:: Activity ::
Find the line with "Набір свердел по" in the entries below, then output every line from it down to the line with "1階に設置されている日除けや", exactly and with no pictures.

Material for the task below:

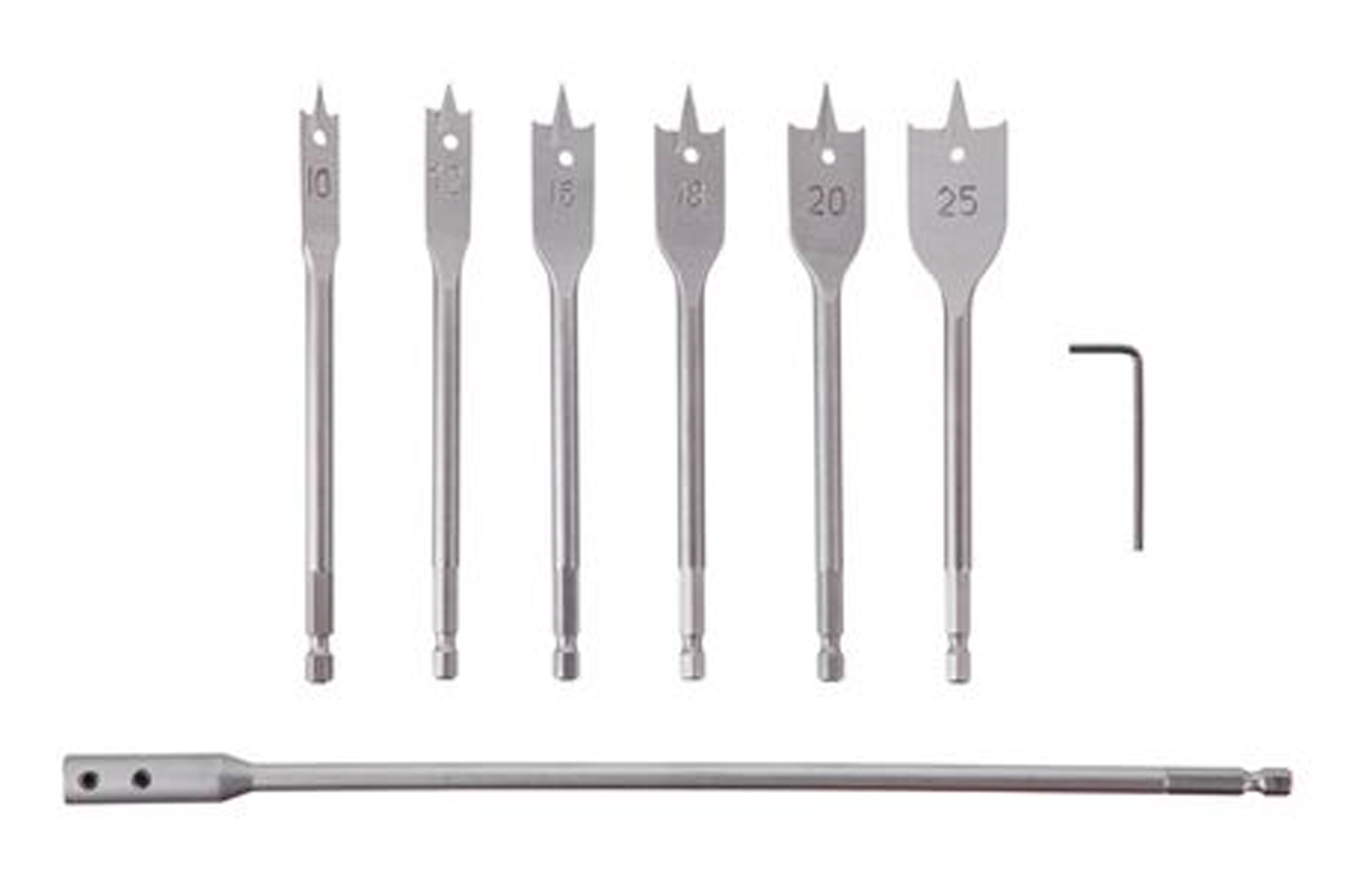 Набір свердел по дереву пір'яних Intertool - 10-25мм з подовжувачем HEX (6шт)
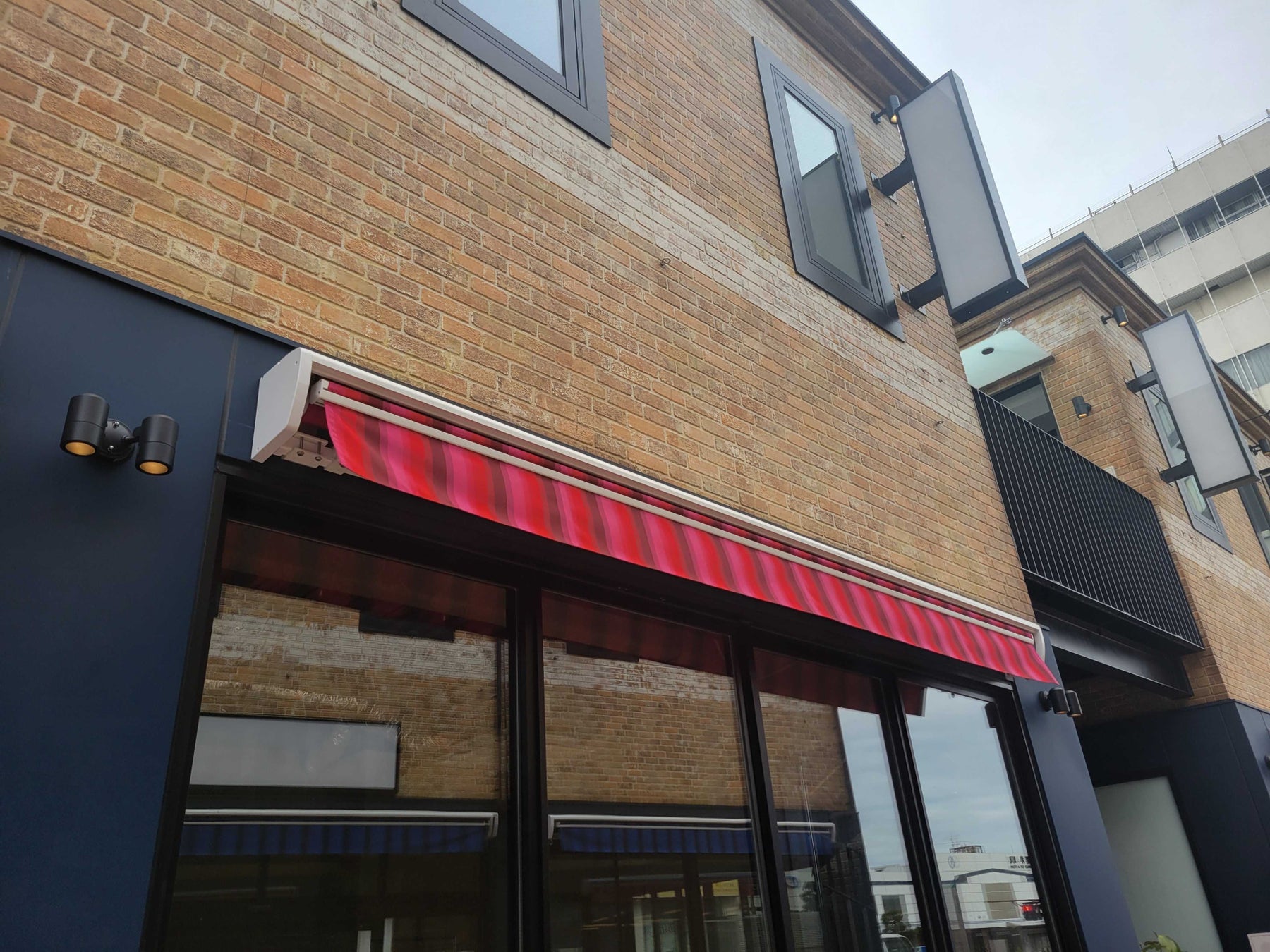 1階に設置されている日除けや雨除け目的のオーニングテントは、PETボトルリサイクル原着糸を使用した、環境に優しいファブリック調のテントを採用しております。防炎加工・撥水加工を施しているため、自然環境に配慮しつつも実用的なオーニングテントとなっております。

End of Material for the task.
Material for the task below:

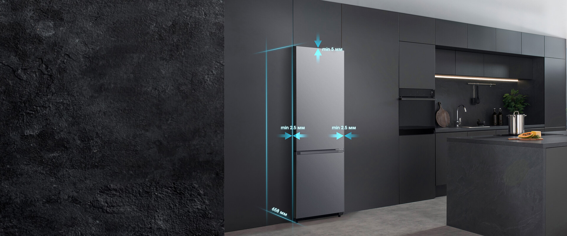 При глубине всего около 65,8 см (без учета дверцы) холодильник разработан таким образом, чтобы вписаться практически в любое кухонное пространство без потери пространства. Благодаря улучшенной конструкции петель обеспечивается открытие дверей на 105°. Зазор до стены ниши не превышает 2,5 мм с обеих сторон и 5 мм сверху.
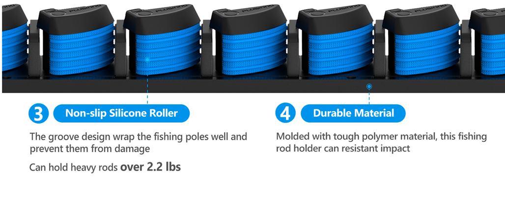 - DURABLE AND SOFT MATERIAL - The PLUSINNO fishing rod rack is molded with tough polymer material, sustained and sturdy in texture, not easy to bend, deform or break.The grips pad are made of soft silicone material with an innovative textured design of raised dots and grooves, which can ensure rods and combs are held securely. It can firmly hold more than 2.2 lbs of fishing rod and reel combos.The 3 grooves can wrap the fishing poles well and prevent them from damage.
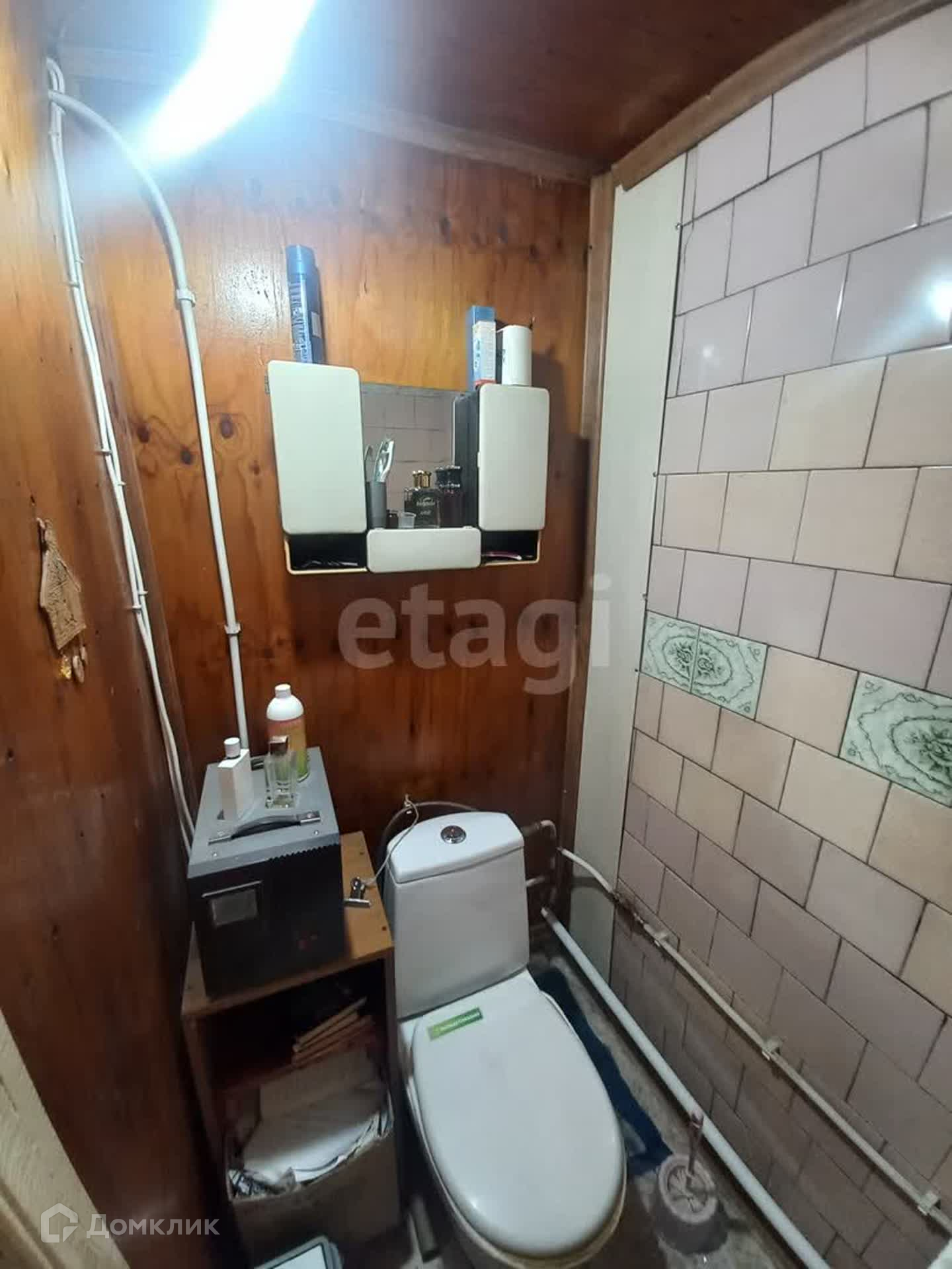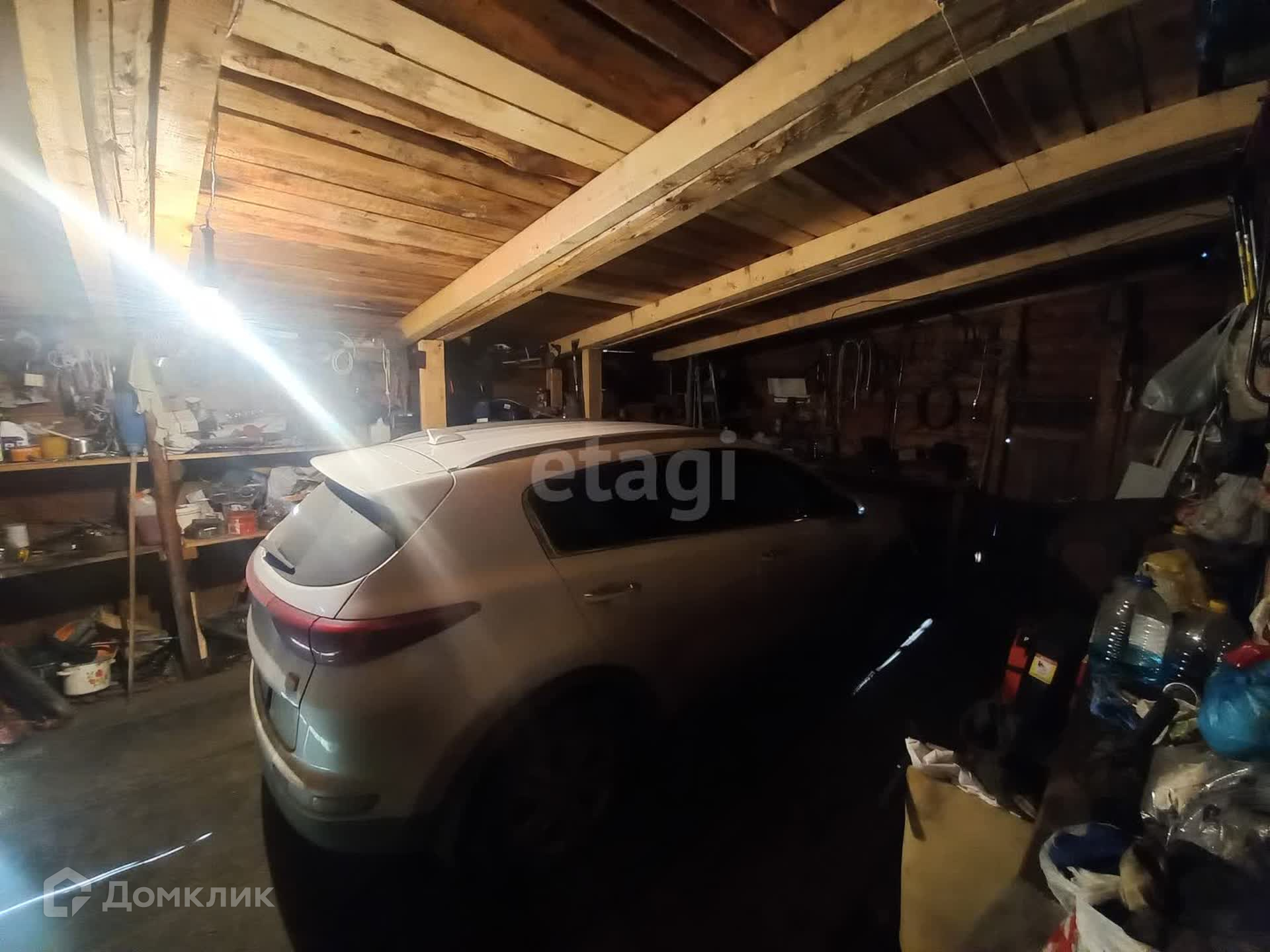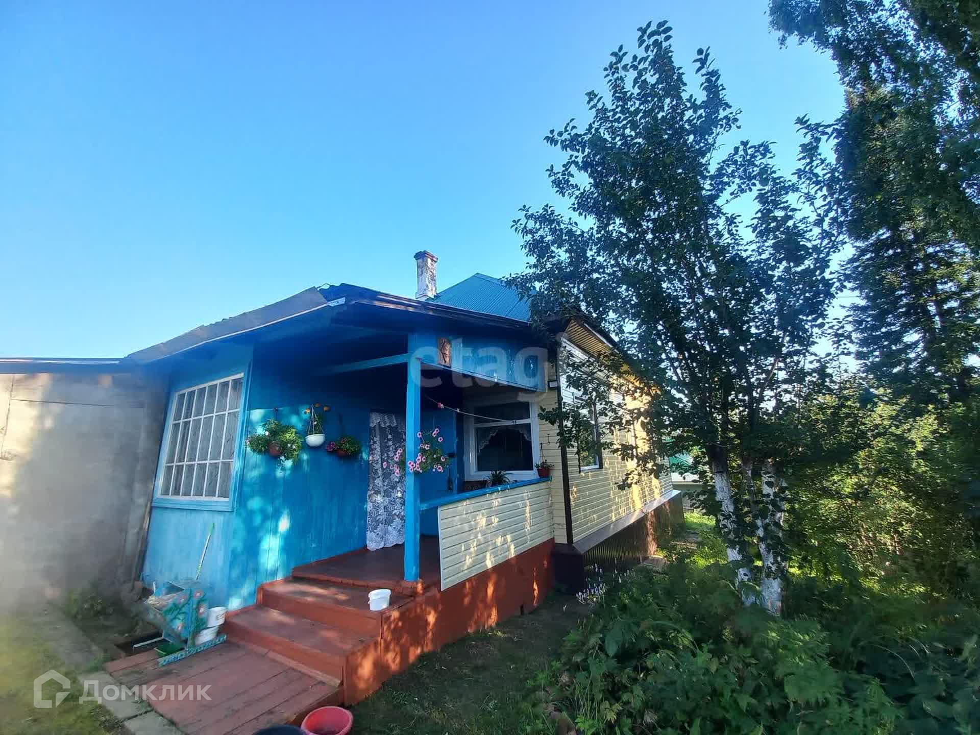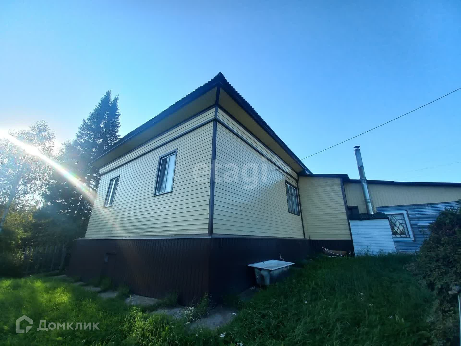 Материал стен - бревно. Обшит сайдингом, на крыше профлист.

End of Material for the task.

:: Your solution ::
 Набір свердел по дереву пір'яних Intertool - 10-25мм з подовжувачем HEX (6шт)
 1階に設置されている日除けや雨除け目的のオーニングテントは、PETボトルリサイクル原着糸を使用した、環境に優しいファブリック調のテントを採用しております。防炎加工・撥水加工を施しているため、自然環境に配慮しつつも実用的なオーニングテントとなっております。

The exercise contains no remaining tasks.